[Collected material]:
---
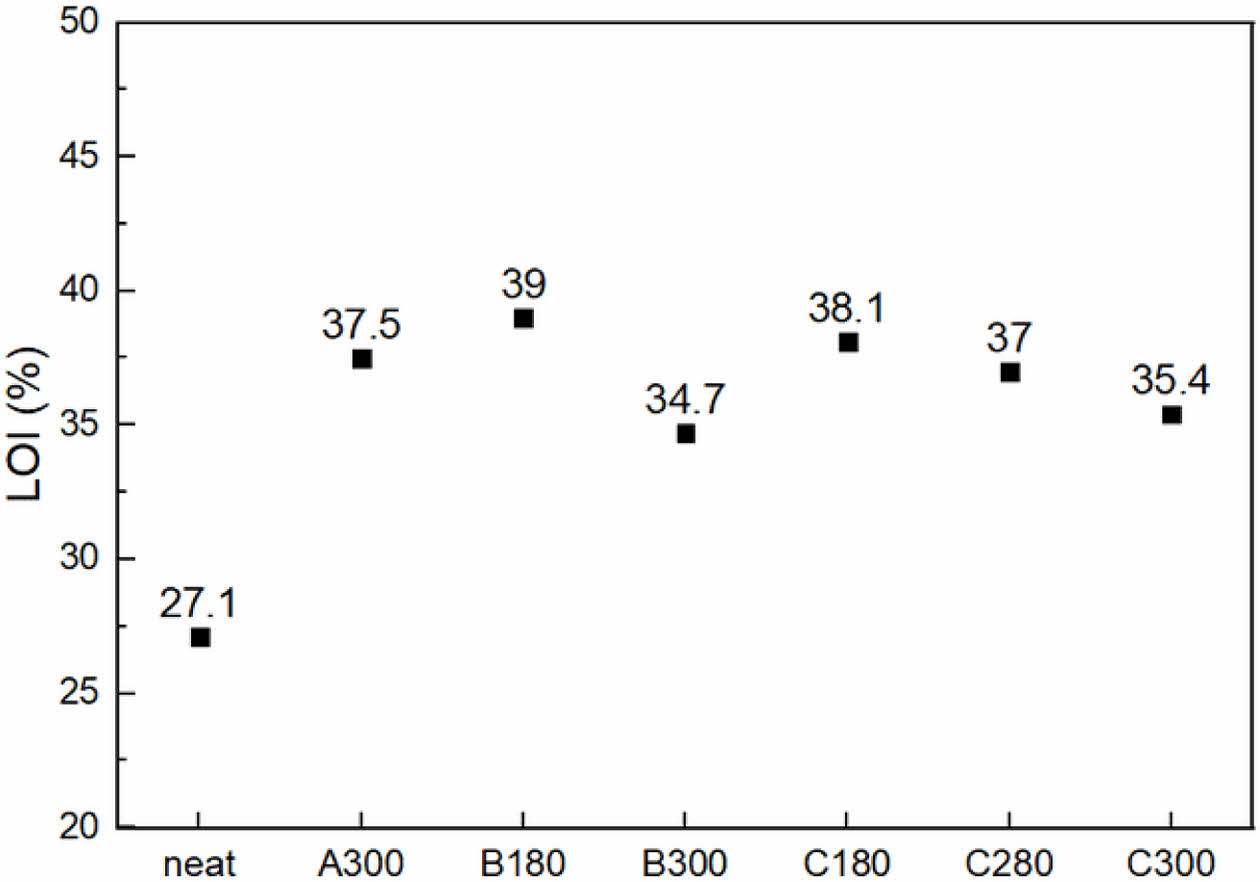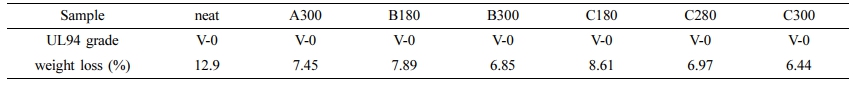 팽창흑연 종류에 따른 폴리우레탄 폼의 난연성 분석. 팽창흑연 종류에 따른 폴리우레탄 폼의 난연성을 알아보기 위하여 UL94 V test 및 LOI 측정을 진행하였다. UL94 V test 결과는 Table 3에 나타내었다. 모든 샘플이 1차 및 2차 점화에서 불이 붙지 않고 V-0 등급으로 평가되었다. 따라서 자세한 분석을 위해 UL94 V test 후 연소한 폼의 모습을 비교하였고 테스트 전과 후에 각 종류마다 5개 시료의 질량을 측정해 연소에 의해 손실되는 질량의 평균을 계산하였다. Figure 5에서 neat 폼은 팽창흑연을 첨가한 폼들에 비해 탄화된 영역이 넓게 나타났다. UL94 V test 후 neat 폼은 평균 12.9%의 질량 손실이 일어났지만 팽창흑연을 첨가한 폼은 6-9%의 질량 손실이 일어나 약 3-6%가 개선되는 것을 확인할 수 있었다. 이는 팽창된 흑연의 char층이 열과 산소를 차단하는 역할을 수행하여 폼의 연소성을 저하시키기 때문이다. 또한 팽창흑연 입자크기에 따른 폼의 연소 정도를 비교했을 때 입자크기가 180 μm인 B180과 C180의 질량 손실률은 각각 7.89%와 8.61%로 입자크기가 280-300 μm인 폼에 비해 더 많은 질량 손실이 일어났다. 입자크기가 클수록 생성되는 char의 부피가 커져 열 차단막 역할을 수행하는 능력이 우수해지는 것이다.
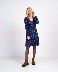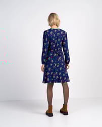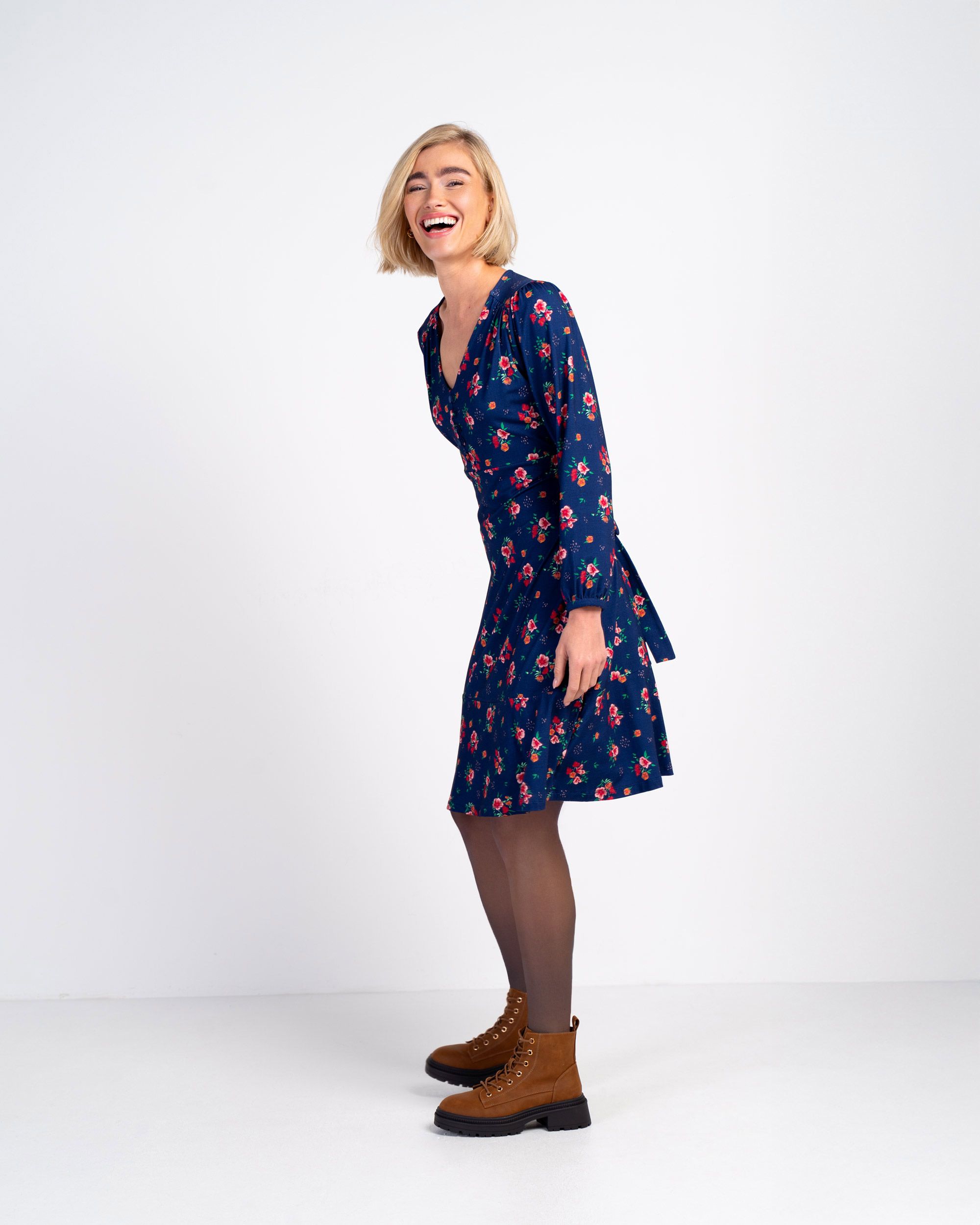This printed jersey dress combines soft drape with thoughtful detailing for an effortlessly flattering fit. Designed with a V-shaped neckline, waist ties and covered buttons to the waist, it shapes the silhouette beautifully while offering versatility. Gentle gathers at the shoulders and cuffs add a touch of elegance, while the flared skirt with a frill hem brings graceful movement with every step. The open, spaced floral print comes in four distinctive colourways, each reflecting the season’s palette, while the same shape is also available in a leopard print design for a bolder take.
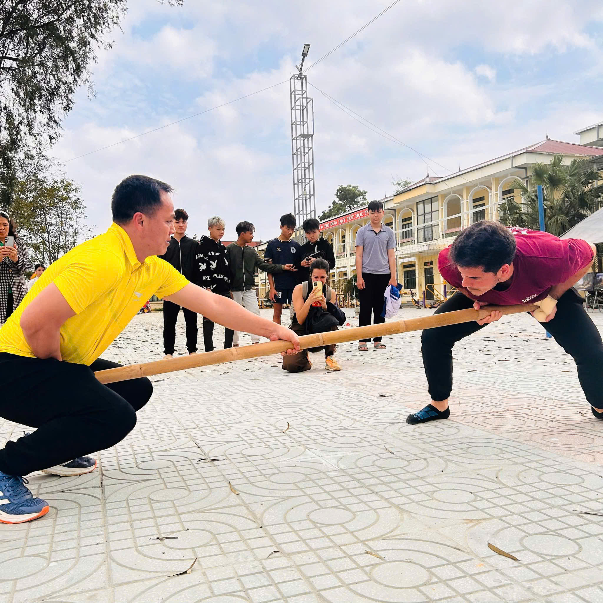 Du khách thử sức với trò chơi dân gian đẩy gậy tại Lễ hội
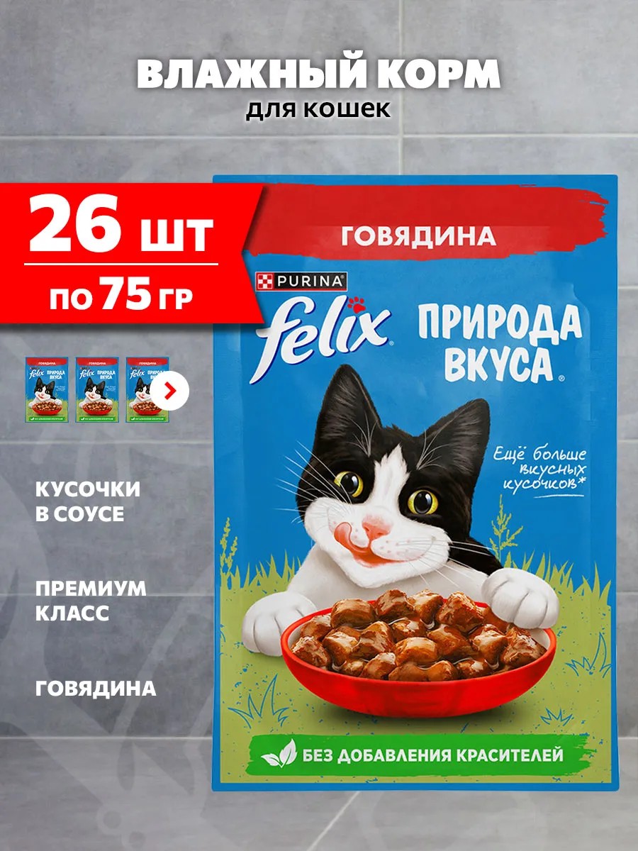 Эксперты Purina, разрабатывая влажные корма для домашних питомцев, создали насыщенный корм для кошек премиум класса влажный Felix «Природа вкуса» с аппетитными кусочками в сочном соусе. Полнорационный влажный корм обеспечит Вашего любимца всеми необходимыми питательным веществами.
---
[Exercise brief]: With the pictures removed, set down the entire listing exactly.

[Finished exercise]:
 팽창흑연 종류에 따른 폴리우레탄 폼의 난연성 분석. 팽창흑연 종류에 따른 폴리우레탄 폼의 난연성을 알아보기 위하여 UL94 V test 및 LOI 측정을 진행하였다. UL94 V test 결과는 Table 3에 나타내었다. 모든 샘플이 1차 및 2차 점화에서 불이 붙지 않고 V-0 등급으로 평가되었다. 따라서 자세한 분석을 위해 UL94 V test 후 연소한 폼의 모습을 비교하였고 테스트 전과 후에 각 종류마다 5개 시료의 질량을 측정해 연소에 의해 손실되는 질량의 평균을 계산하였다. Figure 5에서 neat 폼은 팽창흑연을 첨가한 폼들에 비해 탄화된 영역이 넓게 나타났다. UL94 V test 후 neat 폼은 평균 12.9%의 질량 손실이 일어났지만 팽창흑연을 첨가한 폼은 6-9%의 질량 손실이 일어나 약 3-6%가 개선되는 것을 확인할 수 있었다. 이는 팽창된 흑연의 char층이 열과 산소를 차단하는 역할을 수행하여 폼의 연소성을 저하시키기 때문이다. 또한 팽창흑연 입자크기에 따른 폼의 연소 정도를 비교했을 때 입자크기가 180 μm인 B180과 C180의 질량 손실률은 각각 7.89%와 8.61%로 입자크기가 280-300 μm인 폼에 비해 더 많은 질량 손실이 일어났다. 입자크기가 클수록 생성되는 char의 부피가 커져 열 차단막 역할을 수행하는 능력이 우수해지는 것이다.
This printed jersey dress combines soft drape with thoughtful detailing for an effortlessly flattering fit. Designed with a V-shaped neckline, waist ties and covered buttons to the waist, it shapes the silhouette beautifully while offering versatility. Gentle gathers at the shoulders and cuffs add a touch of elegance, while the flared skirt with a frill hem brings graceful movement with every step. The open, spaced floral print comes in four distinctive colourways, each reflecting the season’s palette, while the same shape is also available in a leopard print design for a bolder take.
 Du khách thử sức với trò chơi dân gian đẩy gậy tại Lễ hội
 Эксперты Purina, разрабатывая влажные корма для домашних питомцев, создали насыщенный корм для кошек премиум класса влажный Felix «Природа вкуса» с аппетитными кусочками в сочном соусе. Полнорационный влажный корм обеспечит Вашего любимца всеми необходимыми питательным веществами.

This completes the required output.